Dynorphins, the endogenous opioid peptides derived from prodynorphin may participate not only in the inhibition, but also in facilitation of spinal nociceptive transmission. However, the mechanism of pronociceptive dynorphin actions, and the comparative potential of prodynorphin processing products to induce these actions were not fully elucidated. In our studies, we examined pronociceptive effects of prodynorphin fragments dynorphins A and B and big dynorphin consisting of dynorphins A and B, and focused on the mechanisms underlying these effects. Our principal finding was that big dynorphin was the most potent pronociceptive dynorphin; when administered intrathecally into mice at extremely low doses (1-10fmol), big dynorphin produced nociceptive behavior through the activation of the NMDA receptor ion-channel complex by acting on the polyamine recognition site. We next examined whether the endogenous dynorphins participate in the spinal nociceptive transmission using N-ethylmaleimide (NEM) that blocks dynorphin degradation by inhibiting cysteine proteases.
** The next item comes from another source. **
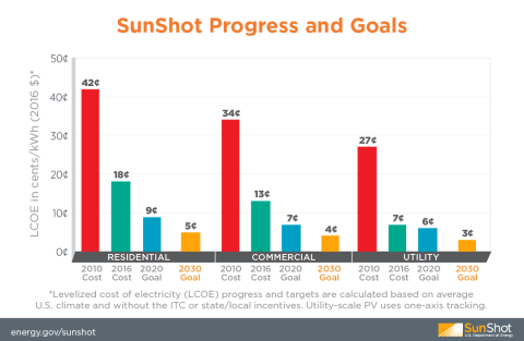 The Energy Department's SunShot Initiative was launched in 2011 with the goal of making solar electricity cost-competitive with traditional energy sources without subsidies by 2020. In just five years the SunShot Initiative and the U.S. solar industry have achieved more than 90% of the established 2020 goal to reduce the cost of utility-scale solar PV electricity to $0.06 per kilowatt-hour. Utility-scale solar electricity costs now average $0.07 per kilowatt-hour. The new SunShot 2030 targets are $0.03 per kilowatt-hour for utility-scale PV, $0.04 per kilowatt-hour for commercial PV, and $0.05 per kilowatt-hour for residential PV. These targets are for areas with average U.S. climate and without subsidies. In the sunnier regions of the country, achieving the SunShot 2030 targets would mean costs of $0.02 per kilowatt-hour for utility-scale solar.
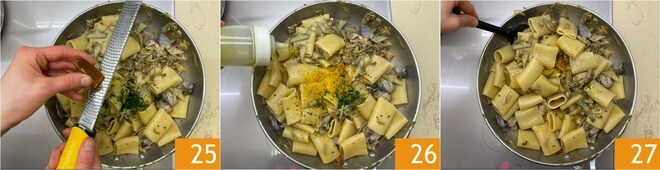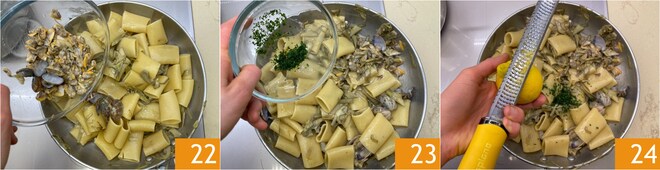 Por último, adicione os vôngoles sem as cascas 22 e salteie tudo novamente. Desligue o fogo e aromatize com a salsa picada 23 e a casca de limão ralada 24.

Similar to big dynorphin and dynorphin A, NEM produced nociceptive behavior mediated through inhibition of the degradation of endogenous dynorphins, presumably big dynorphin that in turn activates the NMDA receptor ion-channel complex by acting on the polyamine recognition site. Our findings support the notion that endogenous dynorphins are critical neurochemical mediators of spinal nociceptive transmission in uninjured animals. This chapter will review above-described phenomena and their mechanism.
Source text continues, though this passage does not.